13. The Company shall use commercially reasonable efforts to detect any
infringers of each material Trademark and shall notify Agent in writing of
infringements detected. The Company shall have the duty to prosecute diligently
any trademark application for each material Trademark pending as of the date of
this Agreement or thereafter until the Obligations shall have been paid in full
and the Credit Agreement terminated, to make federal application on registrable
but unregistered Trademarks (subject to Company's reasonable discretion in the
Ordinary Course of Business), to file and prosecute opposition and cancellation
proceedings (subject to Company's reasonable discretion), to file and prosecute
lawsuits to enforce each material Trademark (subject to Company's reasonable
discretion) and to do any and all acts which are deemed necessary or desirable
by Agent, in its reasonable discretion (except that when an Event of Default is
in existence, Agent's discretion shall be absolute), to preserve and maintain
all rights in each material Trademark. Any expenses incurred in connection with
such applications or proceedings shall be borne by the Company. The Company
shall not abandon any material trademark application without the consent of
Agent.
14. Notwithstanding anything to the contrary contained in paragraph 13
hereof, if the Company fails to do so, Agent shall have the right, but shall in
no way be obligated, to bring suit instead in its own name to enforce each
material Trademark and any license hereunder, or to defend any suit or
counterclaim in its own name to protect each material Trademark or any license
hereunder, in either of which events the Company shall at the request of Agent
4
do any and all lawful acts (including bringing suit) and execute any and all
proper documents required by Agent to aid such enforcement, or defense, and the
Company shall promptly, upon demand, reimburse and indemnify Agent for all costs
and expenses incurred in the exercise of Agent's rights under this paragraph 14.
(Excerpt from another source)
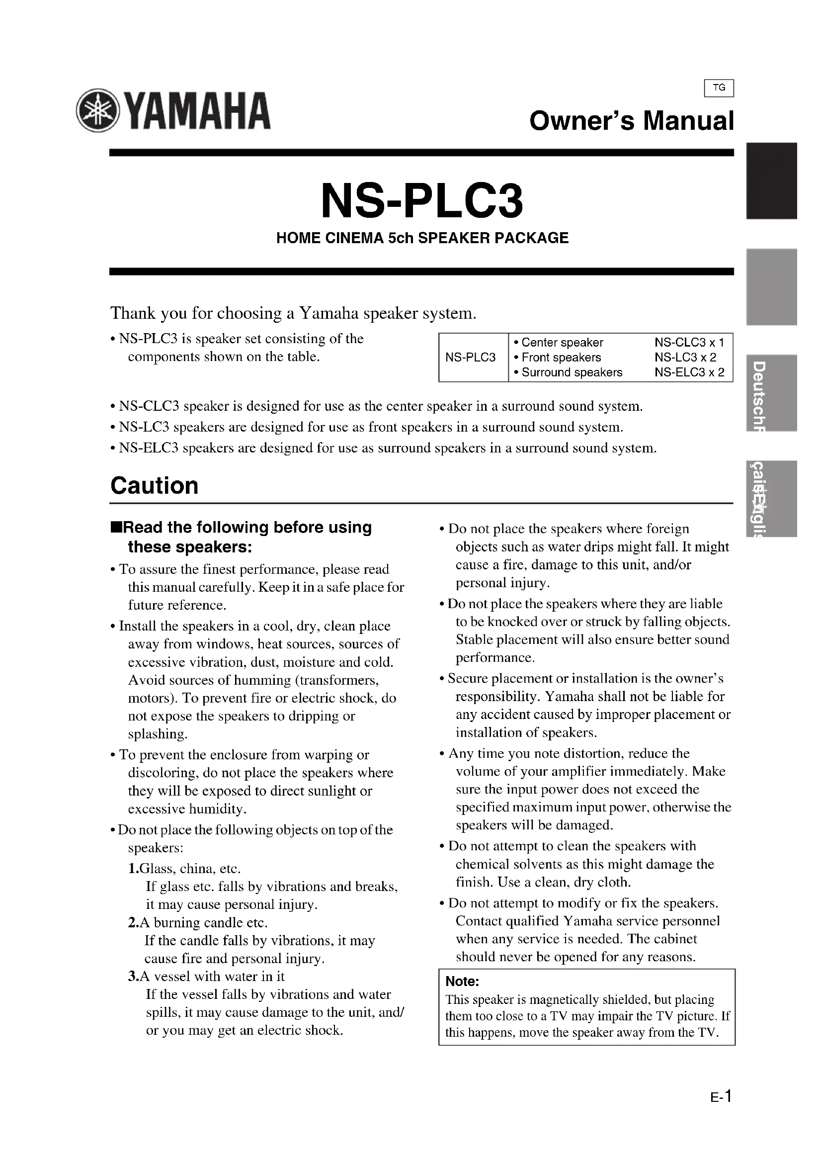 - NS-PLC3 is speaker set consisting of the components shown on the table.• NS-CLC3 speaker is designed for use as the center speaker in a surround sound system.• NS-LC3 speakers are designed for use as front speakers in a surround sound system.• NS-ELC3 speakers are designed for use as surround speakers in a surround sound system. Caution ■ Read the following before using these speakers:• To assure the finest performance, please read this manual carefully. Keep it in a safe place for future reference.• Install the speakers in a cool, dry, clean place away from windows, heat sources, sources of excessive vibration, dust, moisture and cold. Avoid sources of humming (transformers, motors). To prevent fire or electric shock, do not expose the speakers to dripping or splashing.• To prevent the enclosure from warping or discoloring, do not place the speakers where they will be exposed to direct sunlight or excessive humidity.• Do not place the following objects on top of the speakers:1. Glass, china, etc.If glass etc. falls by vibrations and breaks, it may cause personal injury.2. A burning candle etc.If the candle falls by vibrations, it may cause fire and personal injury.3. A vessel with water in itIf the vessel falls by vibrations and water spills, it may cause damage to the unit, and/or you may get an electric shock.• Do not place the speakers where foreign objects such as water drips might fall. It might cause a fire, damage to this unit, and/or personal injury.• Do not place the speakers where they are liable to be knocked over or struck by falling objects. Stable placement will also ensure better sound performance.• Secure placement or installation is the owner’s responsibility. Yamaha shall not be liable for any accident caused by improper placement or installation of speakers.• Any time you note distortion, reduce the volume of your amplifier immediately. Make sure the input power does not exceed the specified maximum input power, otherwise the speakers will be damaged.• Do not attempt to clean the speakers with chemical solvents as this might damage the finish. Use a clean, dry cloth.• Do not attempt to modify or fix the speakers. Contact qualified Yamaha service personnel when any service is needed. The cabinet should never be opened for any reasons.NS-PLC3• Center speaker• Front speakers• Surround speakersNS-CLC3 x 1NS-LC3 x 2NS-ELC3 x 2Note: This speaker is magnetically shielded, but placing them too close to a TV may impair the TV picture. If this happens, move the speaker away from the TV. Owner’s Manual
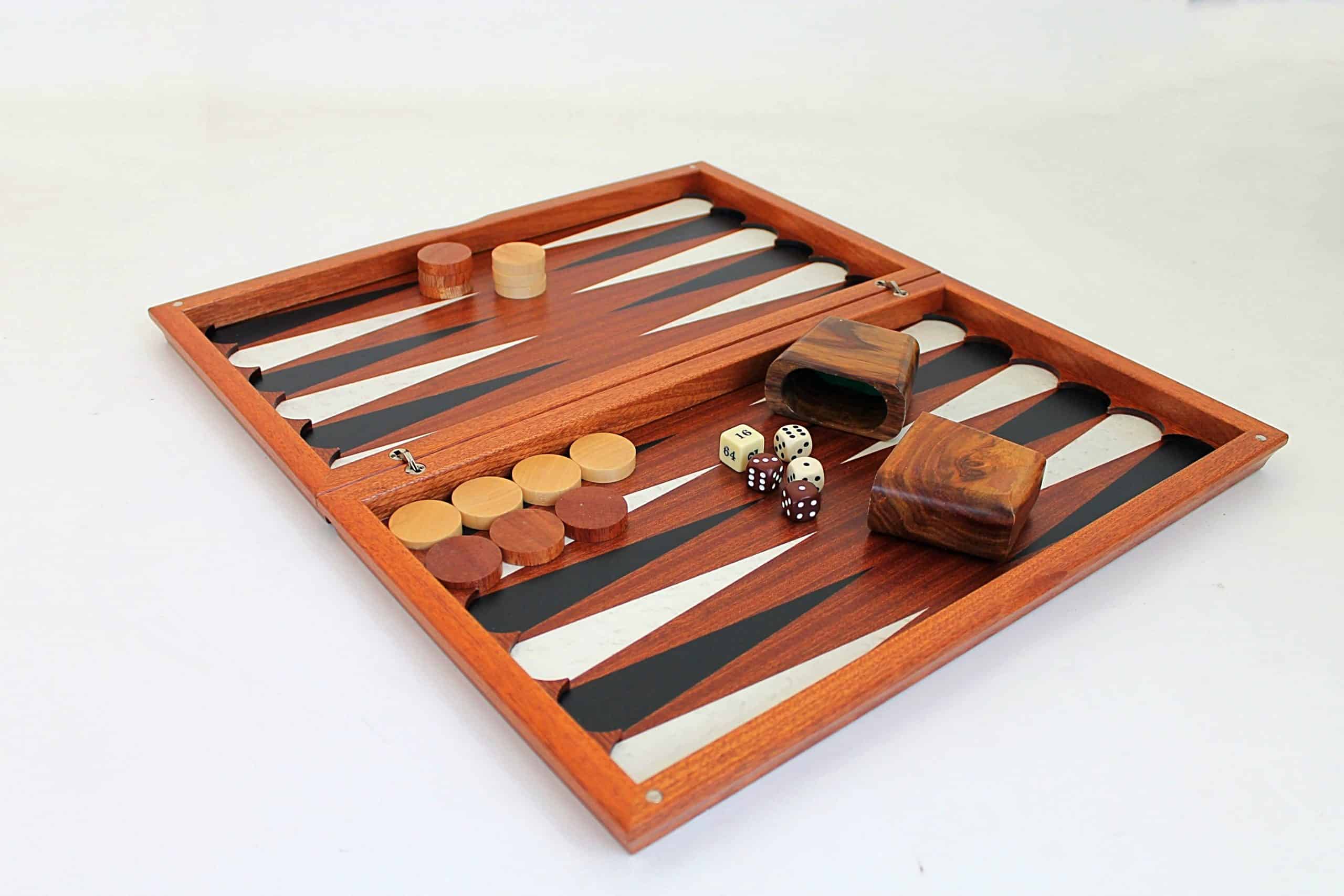 Fabricado completamente a mano por artesanos expertos en juegos de madera, está realizado en una hermosa madera de caoba. Las damas y los cubiletes también son de madera.

15. If the Company fails to comply with any of its obligations
hereunder, to the extent permitted by applicable law, Agent may do so in the
Company's name or in Agent's name, in Agent's sole discretion, but at the
Company's expense, and the Company agrees to reimburse Agent in full for all
expenses, including, without limitation, reasonable attorneys' fees, incurred by
Agent in prosecuting, defending or maintaining the Trademarks or Agent's
interest therein pursuant to this Agreement.
16. No course of dealing between the Company and Agent or any Lender,
nor any failure to exercise, nor any delay in exercising, on the part of Agent
or any Lender, any right, power or privilege hereunder or under any of the other
DIP Financing Documents shall operate as a waiver thereof; nor shall any single
or partial exercise of any right, power or privilege hereunder or thereunder
preclude any other or further exercise thereof or the exercise of any other
right, power or privilege.
17. All of Agent's rights and remedies with respect to the Trademark
Collateral, whether established hereby or by any of the other DIP Financing
Documents, or by any other agreements or by applicable law shall be cumulative
and may be exercised singularly or concurrently.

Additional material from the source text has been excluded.